§ Directions for this task: Take the line with "Today we joyfully" and every line after it, through the end of the listing, and give them again exactly, pictures excluded.

§ Input data:
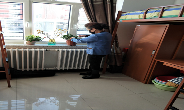 此次疫情发生,正值全校学生寒假离校返家期间公寓辅导员对学生公寓进行打扫消毒的同时,还贴心地为学生们浇花、虽然学生们放假不在学校,宿舍里仍一片生机盎然。
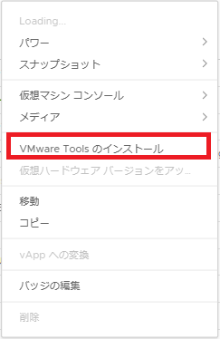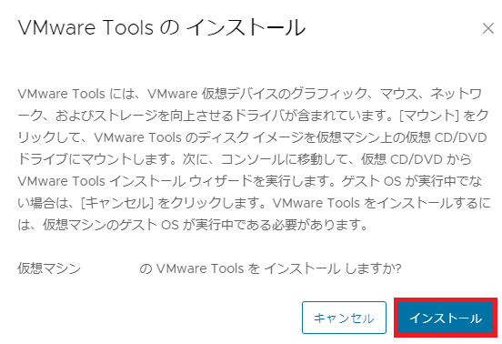- デスクトップがロードされたら、対象の仮想マシンの[アクション] -> [VMware Tools のインストール] を押下します。[VMware Tools のインストール]ダイアログが表示されます。VMware Toolsのインストールに関する説明を確認し、[インストール]をクリックします。
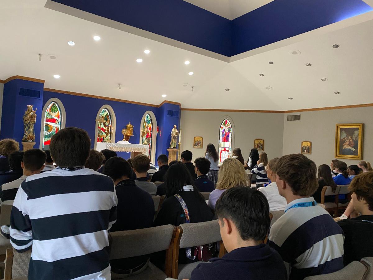 Today we joyfully began our Friday Adoration in the Mary, Mother of God Chapel! This beautiful tradition allows our students, faculty, and staff to pause and spend time with Our Lord throughout the school day.
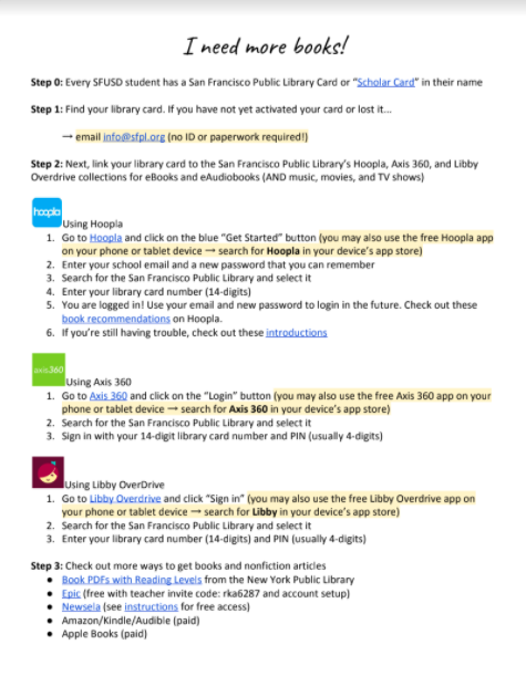 - Hoopla Help (ebooks, audiobooks, movies, music)

§ Response:
 Today we joyfully began our Friday Adoration in the Mary, Mother of God Chapel! This beautiful tradition allows our students, faculty, and staff to pause and spend time with Our Lord throughout the school day.
 - Hoopla Help (ebooks, audiobooks, movies, music)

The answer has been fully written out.